The numerical results gave an insight of how the mechanism of coughing can be captured through FSI simulations showing the muscular membrane collapsing through higher airflow velocities going out the lungs. To demonstrate a possible clinical application of this numerical model, we simulated the same human trachea in presence of a endotracheal prosthesis, modeled as a simplified 2D cylinder. In the region where the tracheal stent is located, the muscular membrane cannot collapse because the material stiffness prevents the wall prostheses from collapsing. Then the differences in the flow regime between the healthy trachea (with flexible membrane) and the trachea with a silicone stent were analyzed (see Fig. 6). It was shown that the calculated velocity field of the air flowing out the trachea in presence of stent showed lower velocity gradients in comparison with a cough in a healthy trachea.19 This confirms the difficulty of coughing in surgically treated patients, due to an increase in the tracheal wall stiffness and a corresponding loss of muscle contraction capability.

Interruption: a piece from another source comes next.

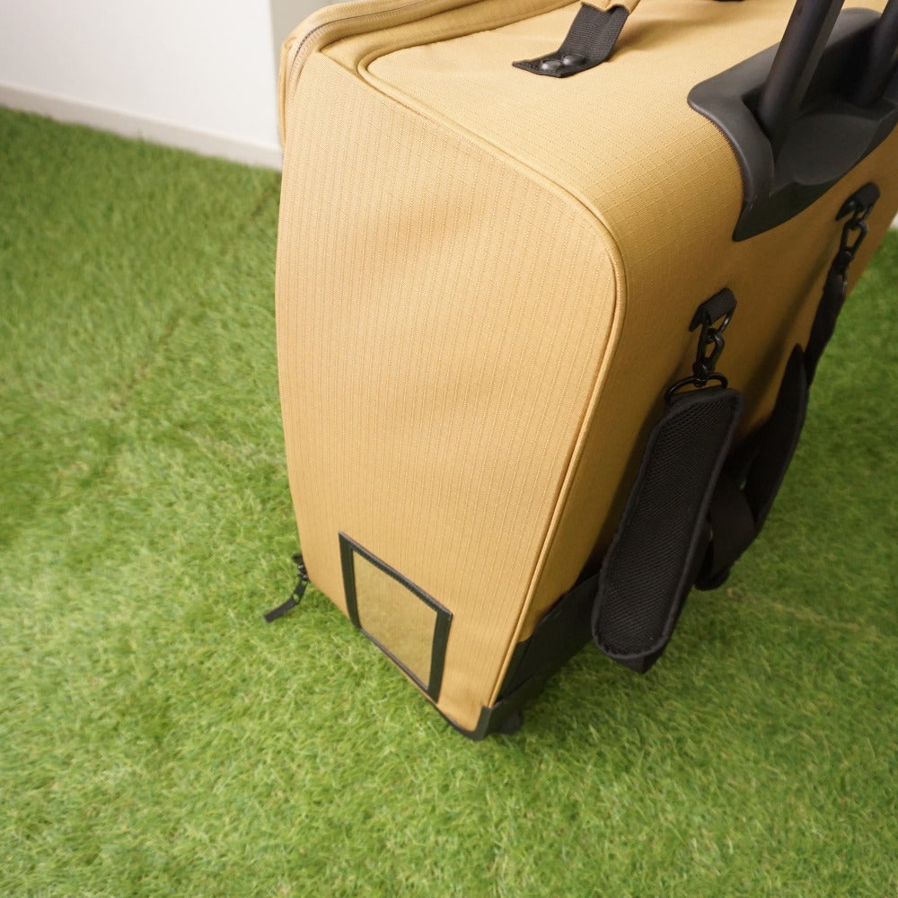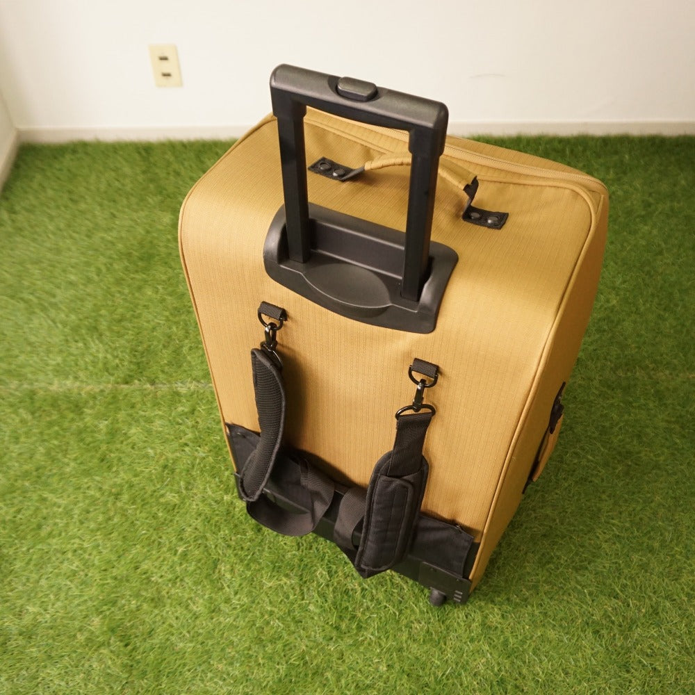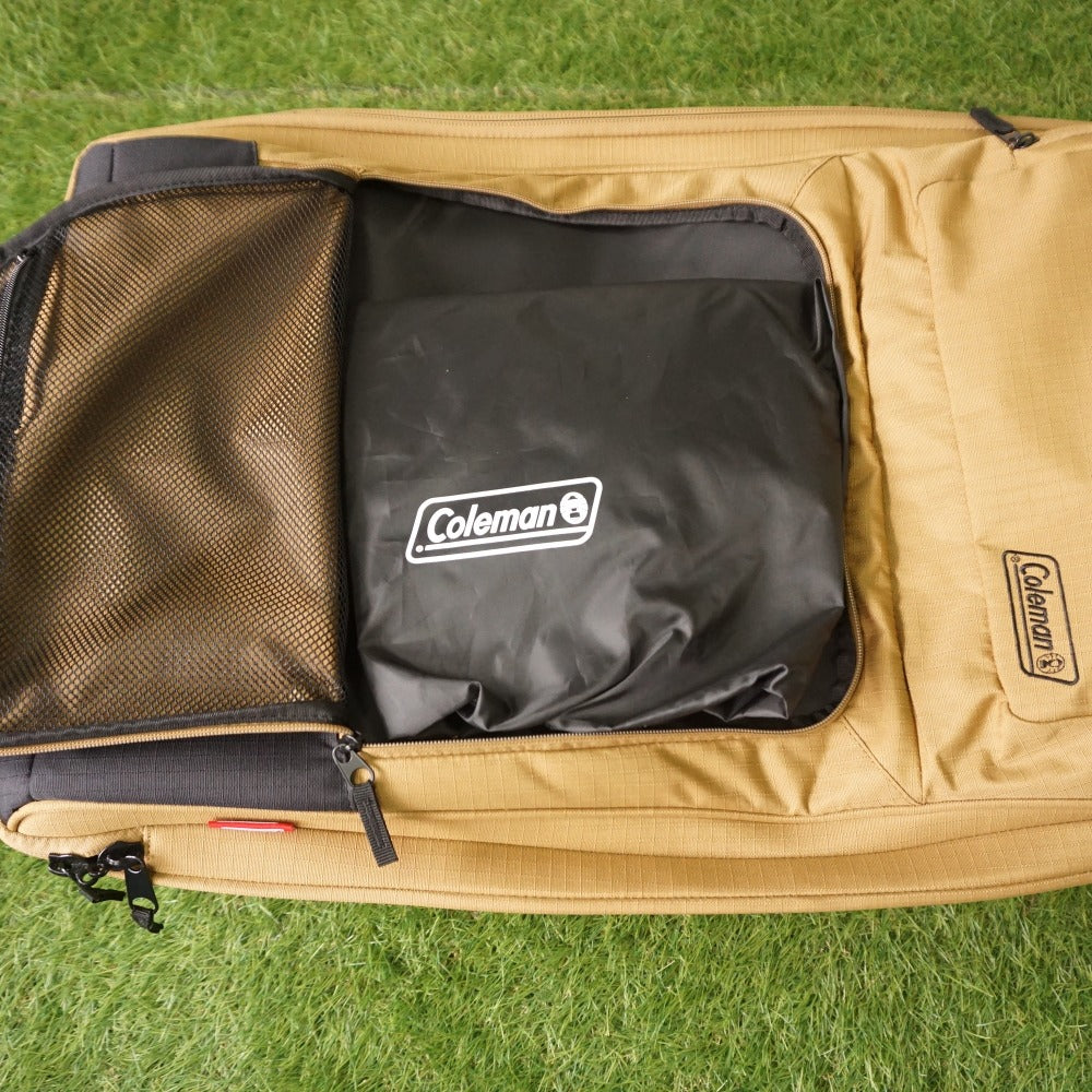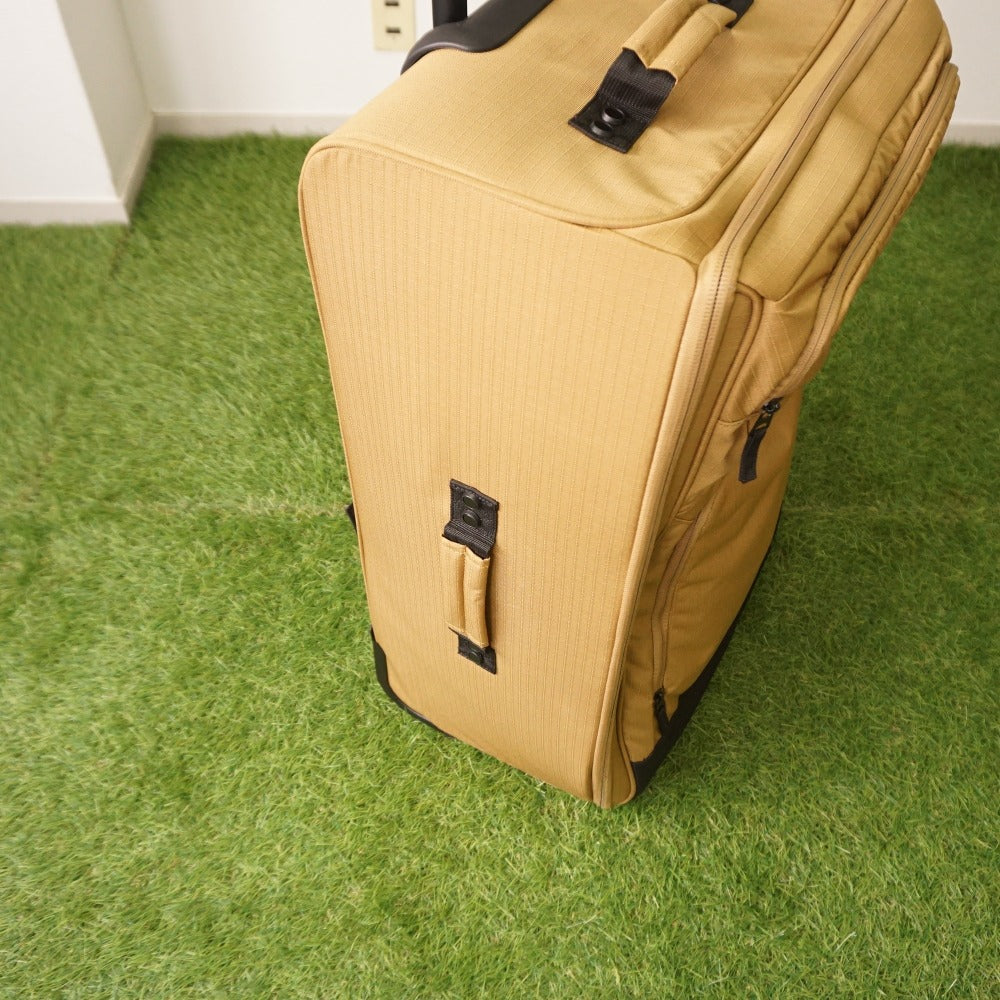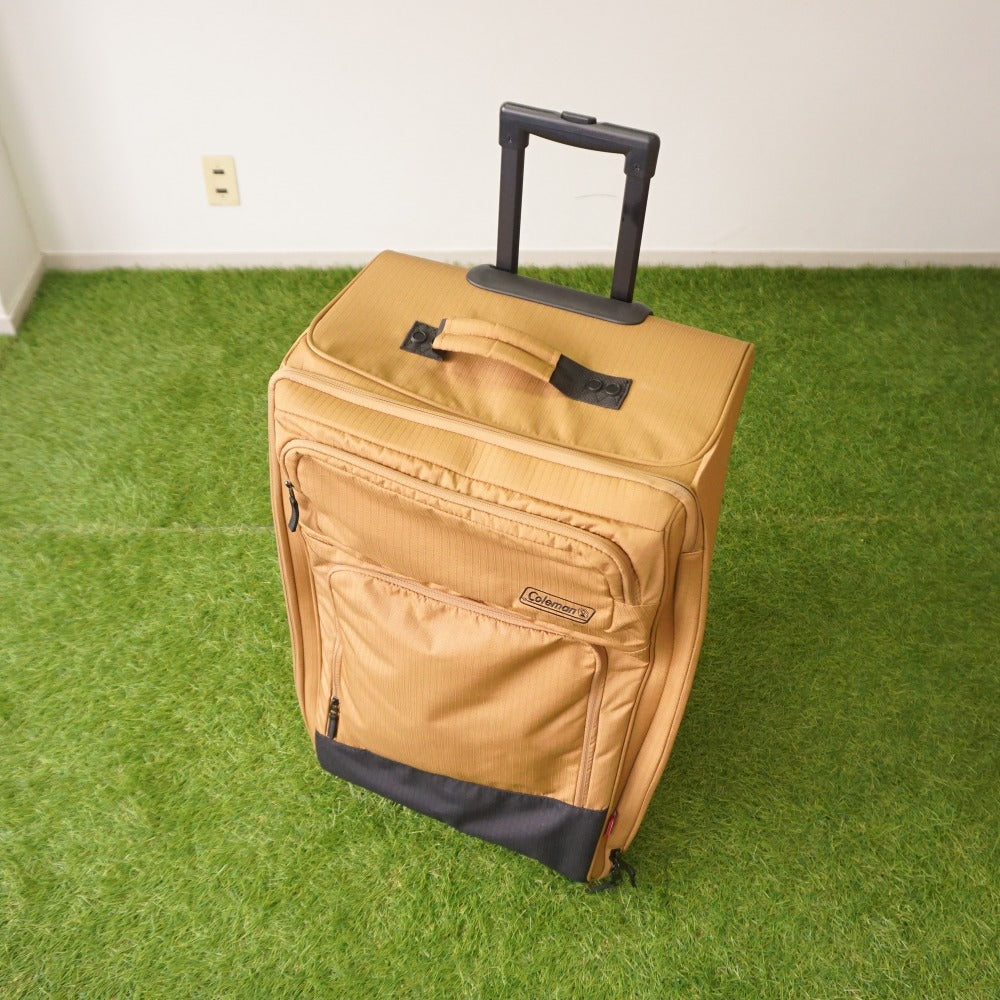 商品説明 | コールマンの大容量ホイールバッグです。 上下2つのフロントポケットで収納力も抜群です。 宅配サービス用の送り状収納スリーブが備えられています。 背負って移動できるショルダーハーネスも装着されています。(取り外し可能) レインカバー付き ●サイズ:約40(W)×70(H)×30(D)cm ●重量:約4.25kg ●素材:ポリエステル ●容量:約85L |

This preliminary study shows the capability of computational models to reproduce clinical observations and pathologies in the human trachea. While it shows improvements with respect to the few studies done before, there are still many assumptions and approximations that are described. First, for this study, patient-specific boundary conditions were not available. This may not affect the numerical solution qualitatively but a quantitatively effect in terms of flow velocity or wall stresses can be anticipated. In addition, the used boundary conditions did not take into account the entire respiratory system. In future works at least one bifurcation will be added to the tracheal tube and physiological conditions will be used in order to reflect the resistance of the lower/upper airways. Moreover, the stent is simulated as a molded surface so recirculation effects near the extremities of the prosthesis due to its simplified geometry could not be analyzed. On the other hand, the implantation of the prosthesis was made by adjusting the internal surface of the trachea to the surface of the prostheses and therefore the stresses that may appear in the tracheal wall that would generate granulomas cannot be distinguished. Regarding the tracheal material properties, experimental data using samples from autopsy were obtained in our laboratory. There could be differences in tracheal properties between living specimens and the mentioned samples, but this aspect was neglected in this work, since the active response of the tracheal muscle was not considered. The influence of the active response of this muscle was not described yet, but this will be analyzed in further developments. Finally, the numerical trachea model is not surrounded by the different soft tissues present in the human neck. We modeled it as an isolated element which is not restricted, as it should be, in its wall displacements. This simplification can affect the wall deformation quantitatively even though it should not influence the muscular contraction and dilatation, the evaluation of which is a very important achievement of this work.

Conclusion

The computational model showed in this study can be used to evaluate the mechanical behavior of the trachea during breathing and coughing. Moreover, it can be considered as a first approach to analyze the influence of a tracheal stent implantation in a patient, since it is capable of giving information on the muscular wall deformation, and flow patterns coming out the trachea. An important clinical application of the computational modeling is in helping the surgeon in positioning the prostheses in order to reduce inefficiencies of the tracheal tubes and improve stenting technique.